What Actually Matters?
For SVM:
Direction of w
determines:
Orientation of hyperplane
while
Magnitude of w
affects:
Margin width
but not the direction.
That's why we simplified:
(2,2)
to
(1,1)
because both point in the same direction and generate the same separating line after scaling.

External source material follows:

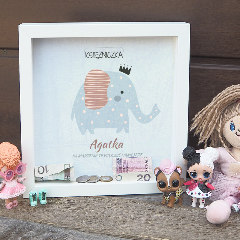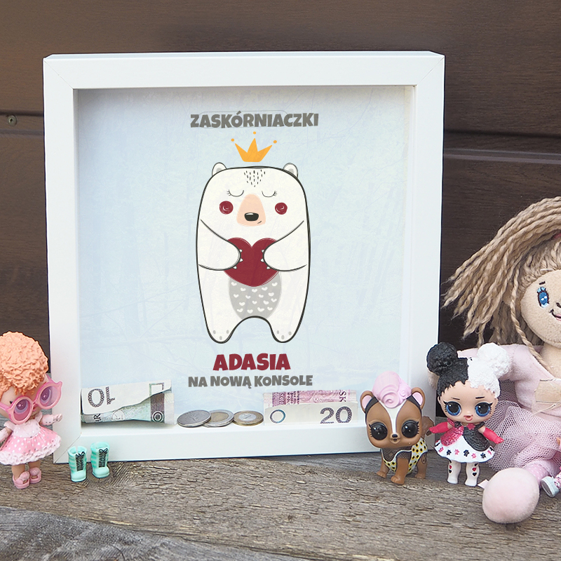 Jak znacząca większość naszych produktów tak i skarbonki w ramce są w pełni personalizowane. Możemy tutaj dodać imię dziecka, zainteresowania czy inne istotne z punktu widzenia rodzica informację. Można też ponieść się działaniom wyobraźni i stworzyć wyjątkowo zabawną skarbonkę zobacz nasz artykuł który opisuje śmieszne skarbonki Personalizacja daje dużą elastyczność a jest to cecha, którą w naszych produktach cenimy najbardziej, bo zależy nam, aby klient miał swobodę wyboru tak, aby dziecko było ze swojej skarbonki zadowolone. Jeśli masz zamiar nabyć skarbonkę dla swojego dziecka, lub poszukujesz prezentu dla dziecka to pomysł ze skarbonką jest bardzo trafiony a jeśli ma to być coś dużego i solidnego to skarbonka w ramce dla dziecka będzie idealną propozycją, na długie lata. Bo co ważne ilustrację w skarbonce można wymienić z czasem na inną i wtedy mamy skarbonkę uniwersalną na długie lata.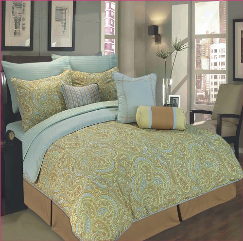 Castle Hill 11-Piece bedding set gives comfort and classic beauty to your bedroom all in one package. The 100-Percent reversible cotton paisley blue and taupe color printed 101"x86" full size comforter is filled with 100-Percent polyester fiber. Reverse the comforter and shams to a solid blue color when you want to change the decor in your room. The set of 2 shams in the same reversible paisley pattern on one side and solid on the other are 21"x26" with 2" flange. Top of bed design is completed with 3 decorator pillows made of 100-Percent cotton and filled with 100-Percent polyester. Two of the pillows are 16"x16"; the third is round 14"x7". A rich solid camel color bed skirt totally compliments the paisley design. For a cozy sleep; a 310TC 100-Percent cotton sateen stripe sheet set with 2 king size 20"x40" pillow cases in light blue color completes the set. Easy care; washable in cold water; tumble dry on low heat.

This scaling property is one of the reasons SVM equations often look different in textbooks even though they represent the same decision boundary.

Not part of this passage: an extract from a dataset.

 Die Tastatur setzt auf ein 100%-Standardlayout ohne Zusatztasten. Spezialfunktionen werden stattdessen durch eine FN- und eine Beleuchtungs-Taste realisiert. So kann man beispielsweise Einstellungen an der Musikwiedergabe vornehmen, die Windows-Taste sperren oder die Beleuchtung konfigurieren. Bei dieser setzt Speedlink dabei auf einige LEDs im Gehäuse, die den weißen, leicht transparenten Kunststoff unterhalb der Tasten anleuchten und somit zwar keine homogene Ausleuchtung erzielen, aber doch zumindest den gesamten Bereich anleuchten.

We did not scale to (0.5,0.5) because SVM requires it initially. We scaled it later to satisfy the canonical SVM margin condition.
Let's understand carefully.
Step 1: Our Original Boundary
We found:
w = (1,1)
b = -6
Therefore:
f(x) = x1 + x2 - 6
This boundary correctly classifies all points.
Check Support Vectors
Support vectors:
B(2,2) → Class -1
C(4,4) → Class +1
For B:
f(B) = 2 + 2 - 6
= -2
For C:
f(C) = 4 + 4 - 6
= 2
Now calculate:
y × f(x)
For B:
(-1)(-2)
= 2
For C:
(+1)(2)
= 2
So:
y × f(x) = 2
for support vectors.
Step 2: What Does SVM Want?
In SVM theory, we define the hyperplane in a special form:
y × f(x) ≥ 1
and support vectors must satisfy:
y × f(x) = 1
exactly.
This is called the:
Canonical Hyperplane
or
Canonical SVM Form
Our Current Hyperplane
Currently:
y × f(x) = 2
for support vectors.
But SVM prefers:
y × f(x) = 1
Step 3: How to Convert?
Current function:
f(x)=x1+x2−6
Support vectors give:
±2
We want:
±1
Therefore divide the whole equation by:
2
New function:
f(x)=0.5x1+0.5x2−3
Now check support vectors.
For B(2,2):
f(B)=0.5(2)+0.5(2)-3
=1+1-3
=-1
Now:
y×f(x)
=(-1)(-1)
=1
Perfect.
For C(4,4):
f(C)=0.5(4)+0.5(4)-3
=2+2-3
=1
Now:
(+1)(1)
=1
Perfect.
Why Not Scale to 0.25?
We could.
Suppose:
0.25x1+0.25x2−1.5
Check B:
0.25(2)+0.25(2)-1.5
=0.5+0.5-1.5
=-0.5
Then:
y×f(x)=0.5
Not equal to 1.
So it is not the canonical SVM form.
Note:
All these equations represent the same line:
x+y−6=0
2x+2y−12=0
0.5x+0.5y−3=0
100x+100y−600=0
Same geometric boundary.
Then Why Does SVM Care?
Because margin calculation uses:
Margin = 2/||w||
This formula only works correctly when:
Support vectors satisfy
y×f(x)=1
That's why SVM rescales the weights.
The Real Meaning
Think of it like measuring distance.
Suppose:
Temperature = 100°F
or
Temperature = 37.8°C
Different scales.
Same temperature.
Similarly:
w=(1,1)
and
w=(0.5,0.5)
describe the same boundary after adjusting the bias.
SVM chooses the scale where:
Support Vectors → y×f(x)=1
because it makes optimization and margin computation mathematically convenient.